The China Democratic Socialist Party (CDSP; ) was a Chinese political party founded in Shanghai on 14 August 1946. It was formed through the merger of the former Chinese National Socialist Party () and the Democratic Constitutionalist Party (). The inaugural leader of the party was Carsun Chang. Along with the Kuomintang, the Young China Party and China Democratic League, it was one of the longest active political parties in both Nationalist China and in post-civil war rump Republic of China in Taiwan.

Ideology 
The CDSP's platform was to promote democratic socialism in China, world peace, individual freedoms, economic development, a narrowing of the gap between rich and poor, and equal rights for women.  The party also sought the implementation of a social welfare system for public health and social security.

History 
Both the Socialists and the Democratic Constitutionalists had strong ties to Liang Qichao's defunct Progressive Party. The former were based in China as part of the China Democratic League while the latter was made up of overseas Chinese and expatriates.  Most of their members were middle-age to elderly.  They never actively recruited and most of their members were friends or relatives of each other.  Their small numbers meant they lacked influence but also allowed them to operate under the radar of the Kuomintang and prevent infiltration by other parties.

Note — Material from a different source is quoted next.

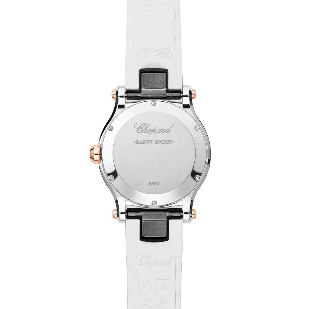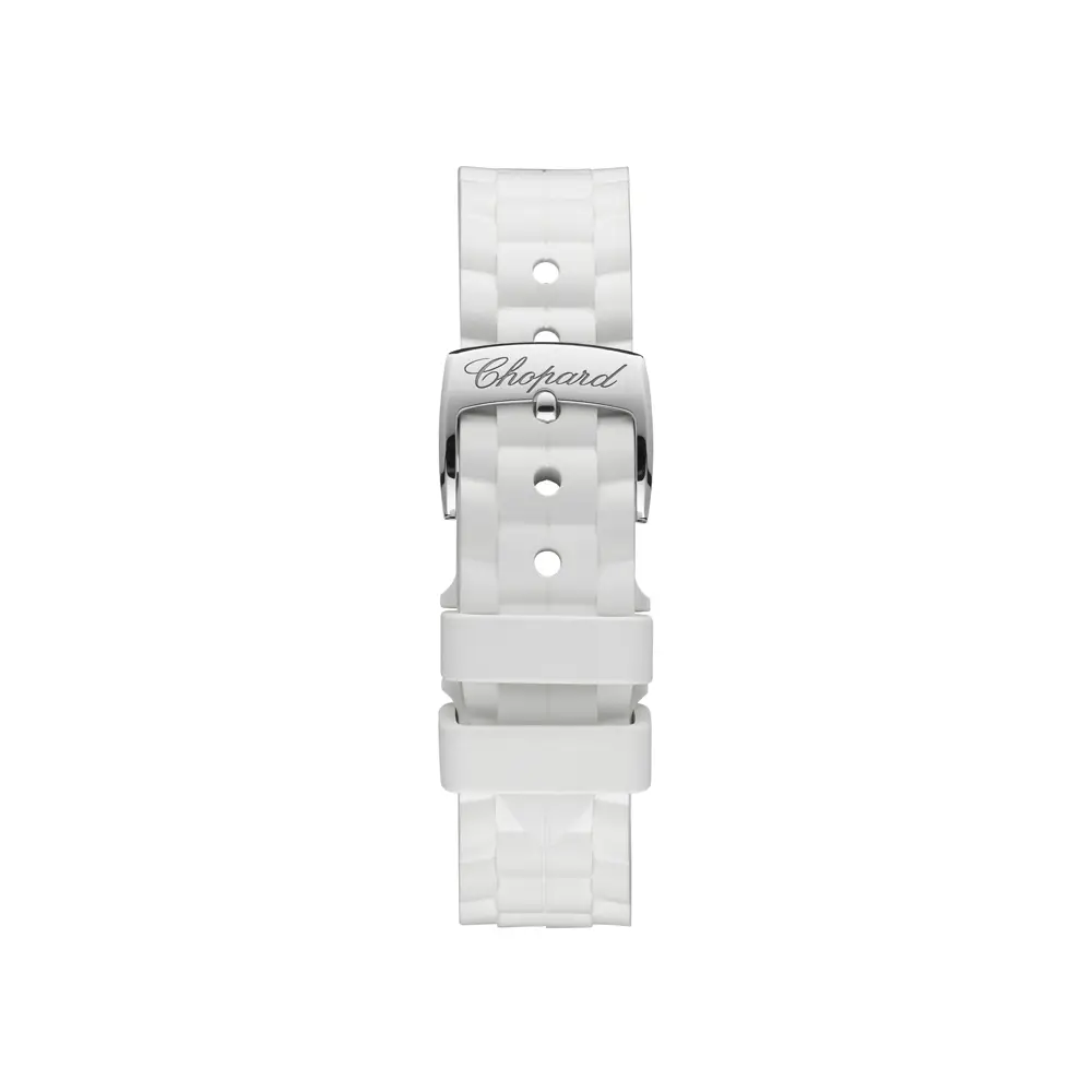 Bên trong là bộ máy quartz Thụy Sĩ, chính xác và bền bỉ không cần lên dây cót. Dây cao su màu trắng tạo điểm nhấn hiện đại, còn khóa cài truyền thống đảm bảo sự thoải mái và an toàn. Chopard Happy Sport 278582-6001 không chỉ là một chiếc đồng hồ – mà còn là một món trang sức thể hiện niềm vui, sự nữ tính và tinh thần tự do.

After the promulgation of the Republic of China's constitution in January 1947, the CDSP established branches in several provinces and cities around China and participated in the first elections to the National Assembly, Legislative Yuan and Control Yuan.  The party also postulated Hsu Fu-lin as candidate for vice-president in the First National Assembly of 1948 in Nanking.

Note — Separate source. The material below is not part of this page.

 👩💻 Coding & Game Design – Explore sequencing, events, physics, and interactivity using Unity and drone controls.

After the ROC Government's retreat from mainland China, key members, including elected representatives and party leaders, followed the Kuomintang to Taiwan. Carsun Chang moved to the United States and was replaced as party head by Hsu Fu-lin until Hsu's death in 1958. Chang was elected party chairman by a national congress of the CDSP held in 1959.

The CDSP, along with the Young China Party, was one of two authorized opposition parties in the Republic of China during the imposition of Martial Law by ruling Kuomintang. The party held a small number of seats in the National Assembly, Legislative Yuan and Control Yuan, regarded as having little influence. The party failed to gain elected representation after Taiwan's democratic transition in the 1990s.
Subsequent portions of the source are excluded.